(What you have to do)
Exactly as written, return all the data, leaving its pictures behind.

(Provided data)
--- --- ---
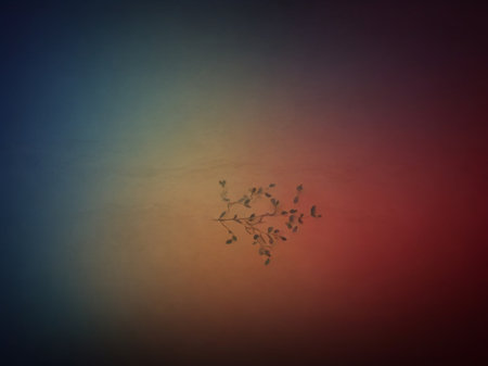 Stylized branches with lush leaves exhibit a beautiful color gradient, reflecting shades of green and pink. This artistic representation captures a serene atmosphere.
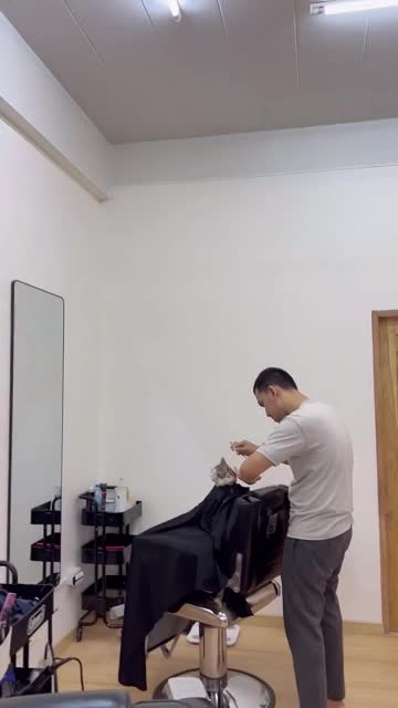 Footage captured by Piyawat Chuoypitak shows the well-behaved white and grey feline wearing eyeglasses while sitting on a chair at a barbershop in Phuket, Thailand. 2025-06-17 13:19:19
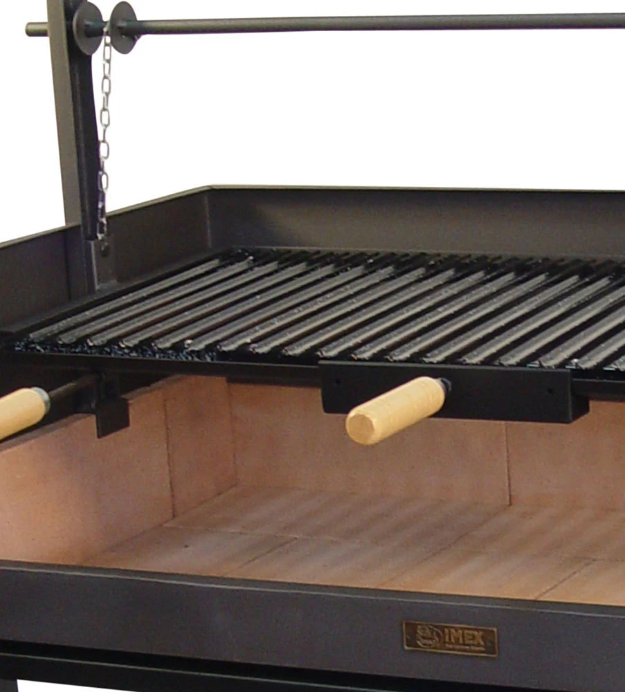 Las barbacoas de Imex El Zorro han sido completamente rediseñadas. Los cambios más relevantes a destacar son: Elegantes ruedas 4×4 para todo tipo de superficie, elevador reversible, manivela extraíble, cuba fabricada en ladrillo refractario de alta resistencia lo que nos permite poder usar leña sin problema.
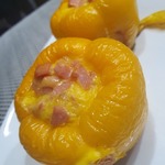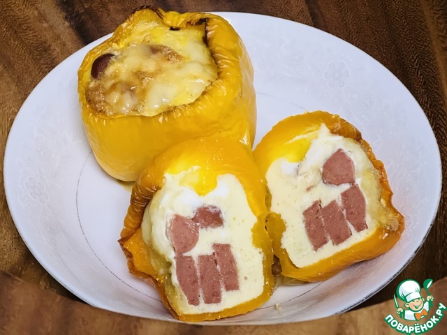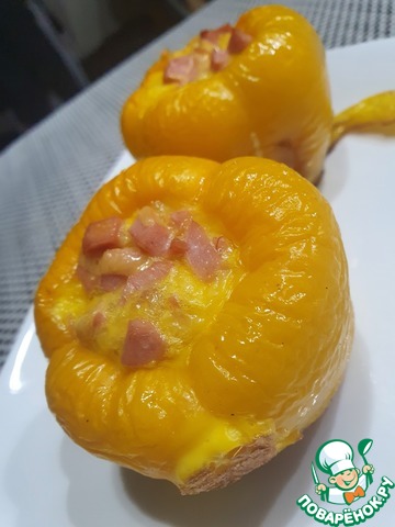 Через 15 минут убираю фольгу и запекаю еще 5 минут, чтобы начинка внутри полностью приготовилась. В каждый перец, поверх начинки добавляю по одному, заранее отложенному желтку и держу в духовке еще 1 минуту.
--- --- ---
(Answer to this exercise)
 Stylized branches with lush leaves exhibit a beautiful color gradient, reflecting shades of green and pink. This artistic representation captures a serene atmosphere.
 Footage captured by Piyawat Chuoypitak shows the well-behaved white and grey feline wearing eyeglasses while sitting on a chair at a barbershop in Phuket, Thailand. 2025-06-17 13:19:19
 Las barbacoas de Imex El Zorro han sido completamente rediseñadas. Los cambios más relevantes a destacar son: Elegantes ruedas 4×4 para todo tipo de superficie, elevador reversible, manivela extraíble, cuba fabricada en ladrillo refractario de alta resistencia lo que nos permite poder usar leña sin problema.
 Через 15 минут убираю фольгу и запекаю еще 5 минут, чтобы начинка внутри полностью приготовилась. В каждый перец, поверх начинки добавляю по одному, заранее отложенному желтку и держу в духовке еще 1 минуту.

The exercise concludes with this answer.